Um disco – Push the sky away, Nick Cave.

Um livro – Are you my mother?, Alison Bechdel (Houghton Mifflin Harcourt, 304 págs.).

Um filme – Django, Quentin Tarantino.

Outro filme – O mestre, Paul Thomas Anderson.

Um documentário – Jorge Mautner, o filho do Holocausto, Pedro Bial e Heitor D’Alincourt.

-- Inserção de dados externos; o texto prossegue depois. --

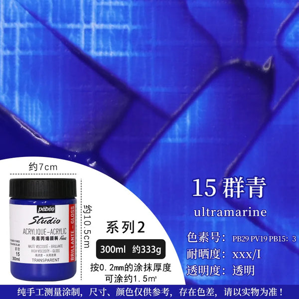 France Pebeo Bright Acrylic Pigment 300ML Professional Art DIY Hand Painted Stone Wall Graffiti Stone Painting Shoes Coating
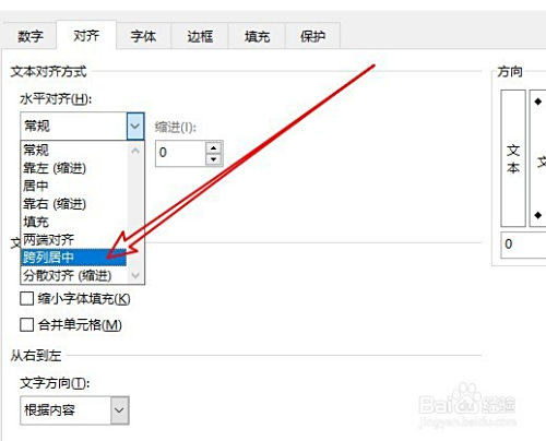 5、在弹出的下拉菜单中选择跨列居中的菜单项。

Deixando o infinito cuidar de si mesmo

Salman Rushdie sobre os efeitos de sua condenação à morte pelo Irã – em virtude do romance Os versos satânicos, considerado blasfemo – no livro de memórias Joseph Anton (Companhia das Letras, 614 págs., tradução de Donaldson M. Garschagen e José Rubens Siqueira):

“Ainda se lembrava do que Borges tinha escrito sobre os limites da fotografia. A fotografia só via o que estava diante dela, e por isso um fotógrafo jamais conseguiria captar a verdade dos grandes pampas argentinos. ‘Darwin observou, e Hudson corroborou’, Borges escreveu, ‘que essa planície, famosa entre as planícies do mundo, não deixa uma impressão de vastidão em alguém que olha do chão, ou a cavalo, uma vez que seu horizonte é o horizonte do olhar e não vai além de cinco quilômetros. Em outras palavras, a vastidão não se encontra em cada visão dos pampas (que é o que a fotografia é capaz de registrar), mas na imaginação do viajante, em sua lembrança dos dias de marcha e da previsão de muitos dias mais’. Só a passagem do tempo revelava a vastidão infinita dos pampas, e uma fotografia não podia captar duração. Uma fotografia dos pampas mostrava nada mais que um grande campo. Não era capaz de captar a monotonia que produz delírios ao viajar, viajar e viajar através daquele vazio imutável, sem fim.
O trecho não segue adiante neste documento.